The Snack Chip of the Sea

You won’t see it on any menus, but the Atlantic menhaden lives to be eaten.

Illustration by Robert Meganck

For a fish that is oily, bony, and has a reputation for going rancid soon after being caught, the Atlantic menhaden is remarkably popular. True, it’s the kind of popularity you wouldn’t envy, as it amounts to a life spent dodging hungry mouths and fishnets. Nevertheless, this close cousin of the herring, shad, and sardine maintains a high status for a lowly filter feeder that swims near the bottom of the food chain. 

Atlantic menhaden, or Brevoortia tyrannus, are variously known by colloquial names including bunker, pogy, fatback, and the intriguing-until-you-wish-you-hadn’t-Googled-it “bugmouth.” (This last one is thanks to the fact that menhaden can sometimes play host to a mouth-dwelling parasitic crustacean that resembles a large white grub—and if, like your author, you feel a compelling urge to run an image search, don’t say you weren’t warned.) They swim in big, silvery schools along the Atlantic coast of North America, from Florida to Nova Scotia, but in fall and into early spring, large numbers of the fish congregate off the Virginia and North Carolina capes for spawning. 

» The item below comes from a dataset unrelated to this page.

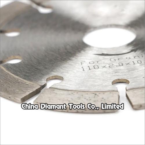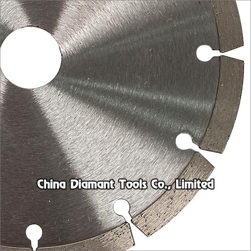 Hot press sintered diamond saw blades with normal flat segments for fast dry cutting various hard, medium, soft stone such as granite, marble, sandstone, limestone, etc. without water or with less water.

And spawn they do. In 2016, the latest year for which data is available, an estimated 83,846 billion eggs were produced, according to Chris Moore, senior regional ecosystem scientist for the Chesapeake Bay Foundation; a single mature adult female can produce more than 300,000 eggs. The numbers are necessarily large, though, because the odds are decidedly small for any one of those eggs to make it to adulthood, much less for a menhaden to live out its full potential lifespan of 10 to 12 years. 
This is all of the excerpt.